About a year ago I wrote a blog post describing how Rick Howard, CIO of the Oregon Department of Human Services, was determined to make incremental changes to infrastructure to provide a comprehensive view of clients and populations that Oregon DHS serves.
Howard said he was determined to break down barriers between applications for public health and child welfare, for instance. By shifting to a more modern architecture that involves a data warehouse and shared Web services, Oregon should be able to track common clients across multiple systems, integrate case management services and share common business processes.
I just finished up some reporting for Public CIO magazine that called my attention again to the challenges facing state-level IT leaders in the health reform era, including the creation of health insurance exchanges.
For the article, I interviewed Ivan Handler, CIO of the Illinois Department of Healthcare and Family Services, and Rich Campbell, director of systems and monitoring, and Medicaid CIO for the Washington State Department of Social and Health Services.
Handler told me his agency has to be prepared to handle a half million new Medicaid enrollees in 2014, yet the legacy systems that handle Medicaid, the Children’s Health Insurance Program and Child Support Services were developed in-house more than 20 years ago. He is considering acquiring business services hosted in the cloud instead of procuring and running systems in-house because he is convinced he doesn’t have the financial or staff resources to pull off the transition in time.

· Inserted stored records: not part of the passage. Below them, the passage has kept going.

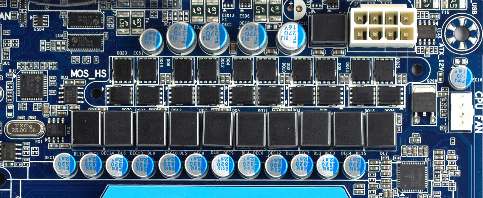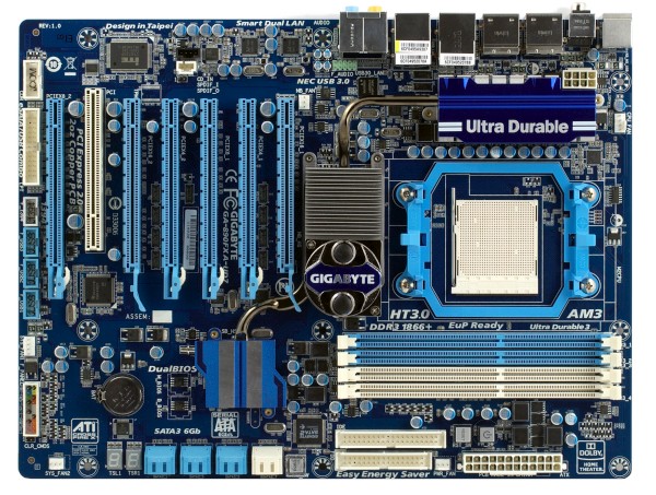 Стабилизатор напряжения питания процессора — 10-канальный, установлено по 2 высокоэффективных полевых транзистора с Low RDS (on) на канал, в качестве дросселей установлены катушки с ферритовыми сердечниками. Установлены 12 конденсаторов по 820 мкФ и 4 — по 270 мкФ, все без исключения конденсаторы на плате от ведущих японских производителей, твердотельные. Плата имеет утолщенные вдвое медные слои питания и заземления. Поддерживаются процессоры с заявленным TDP до 140 Вт. Таким образом, применен стандартный набор элементов для плат Gigabyte, который встречался нам и у моделей среднего уровня, каких-то особых дополнений для повышения статуса мы не наблюдаем. Впрочем, это и не актуально, учитывая, что 6-ядерные процессоры, вопреки ожиданиям, получили не 140 Вт тепловой пакет, а ограничились 125 Вт, да и среди ранее выпускавшихся 140-ваттных топовых четырехъядерников уже произошла смена степпинга. И все ныне поставляемые топовые процессоры от AMD имеют максимальное теоретическое энергопотребление не выше 125 Вт.
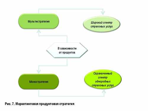 Виды маркетинговой продуктовой стратегии страховой компании показаны на рис. 7.
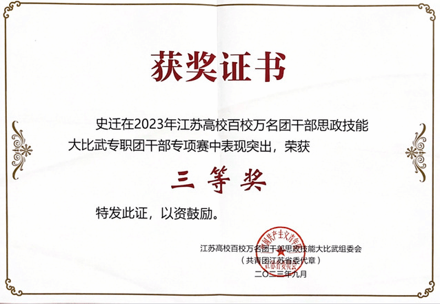 日前,由共青团江苏省委、中共江苏省委教育工委、新华日报社、江苏省学生联合会共同主办的“学思想、跟党走、建新功”江苏高校百校万名团干部思政技能大比武决赛在宿迁学院落幕。经过主题团课、思政课现场展示、主题宣讲和提问互动等多个环节的比拼,我们获得决赛三等奖。

Campbell said Washington’s Medicaid Management Information System was recently upgraded to a Web service-oriented framework. But as the state begins moving toward health insurance exchange planning, he said he doubts the state’s legacy eligibility system would support it.
To help CIOs such as Handler and Campbell, the U.S. Department of Health and Human Services plans to offer an enhanced federal matching rate of 90 percent for the design and development of new systems and 75 percent for the maintenance and operation of Medicaid eligibility systems. But Campbell said that given his state’s financial constraints, it is difficult even to come up with the 10 percent.

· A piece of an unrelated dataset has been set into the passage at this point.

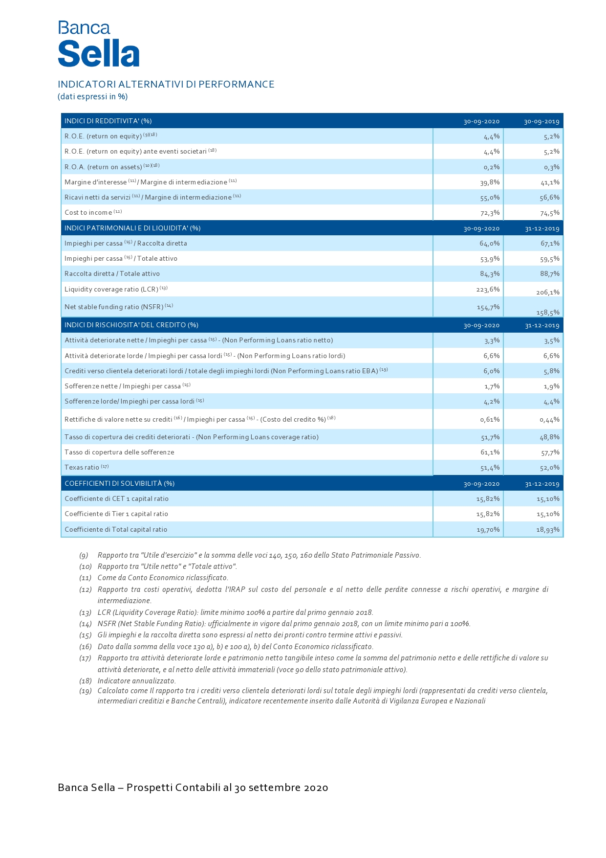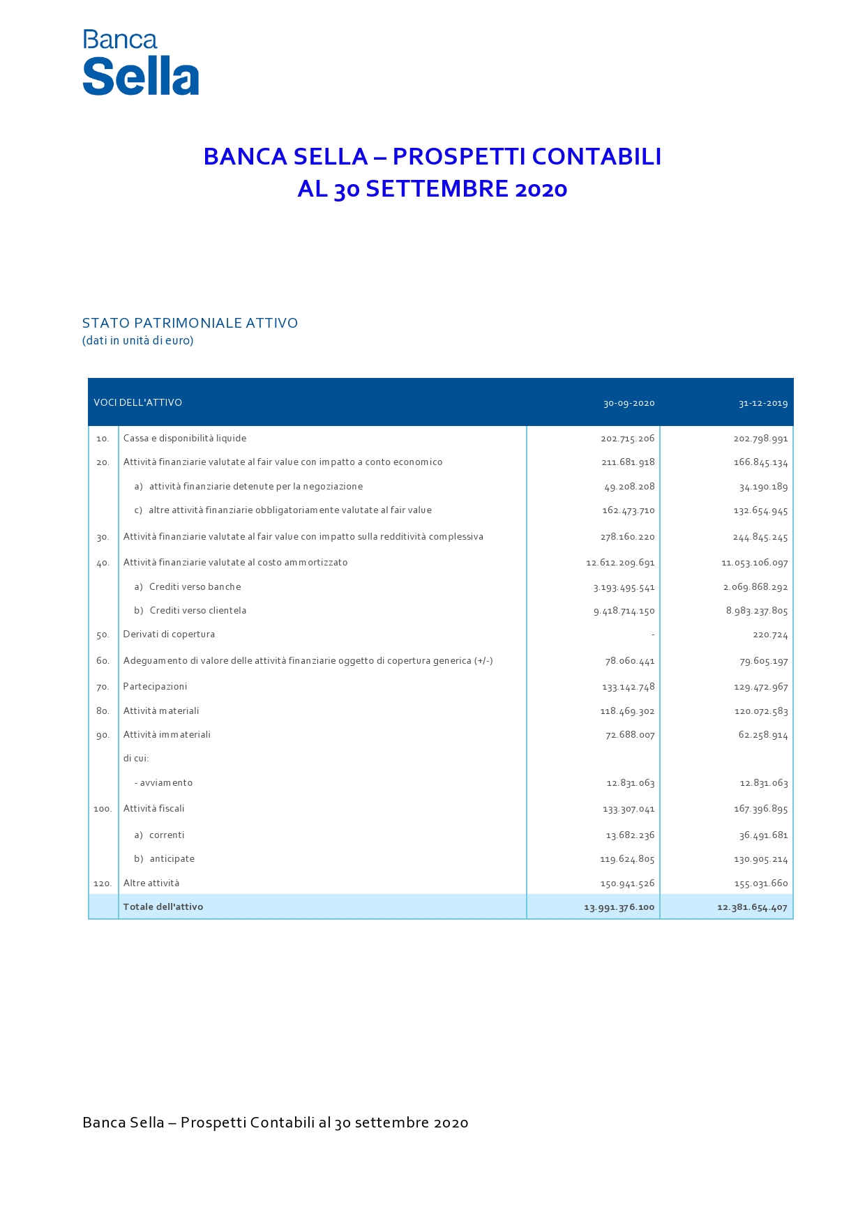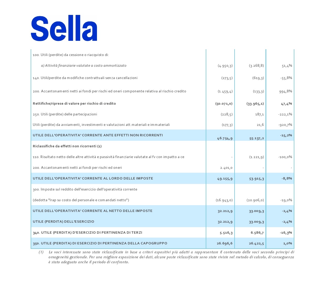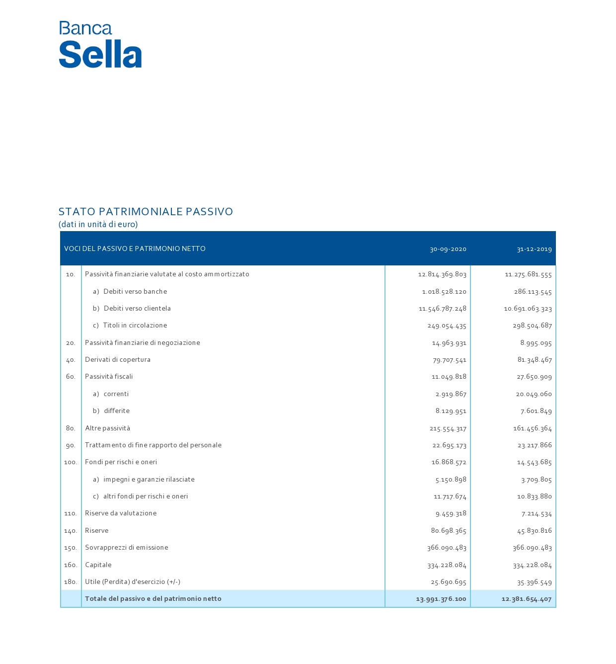 I risultati al 30 settembre 2020 di Banca Sella si sono chiusi con un utile netto di 25,7 milioni di euro, in leggera flessione rispetto ai 29,2 milioni di euro dello stesso periodo dell'anno precedente, principalmente per effetto delle maggiori rettifiche prudenziali per il rischio di credito, pari a 10,2 milioni di euro, per possibili ulteriori impatti futuri, non ancora manifestatisi, legati allo scenario macroeconomico generale determinato dal Covid-19.

“We have to fight for that,” he told me. “Also, we have had staffing cuts, so maintaining the expertise and bandwidth to make change is becoming more difficult. And there is so much change so fast, it is hard to absorb.”
But no matter how difficult the transition is, the federal government has gotten its act together and is clear about the direction it wants state leaders to go, noted Lynn Dierker, senior program director for the nonprofit National Academy for State Health Policy. “They are signaling how the state IT infrastructure pieces can be used to leverage each other,” she said, “and they are providing the funding to pull it off.”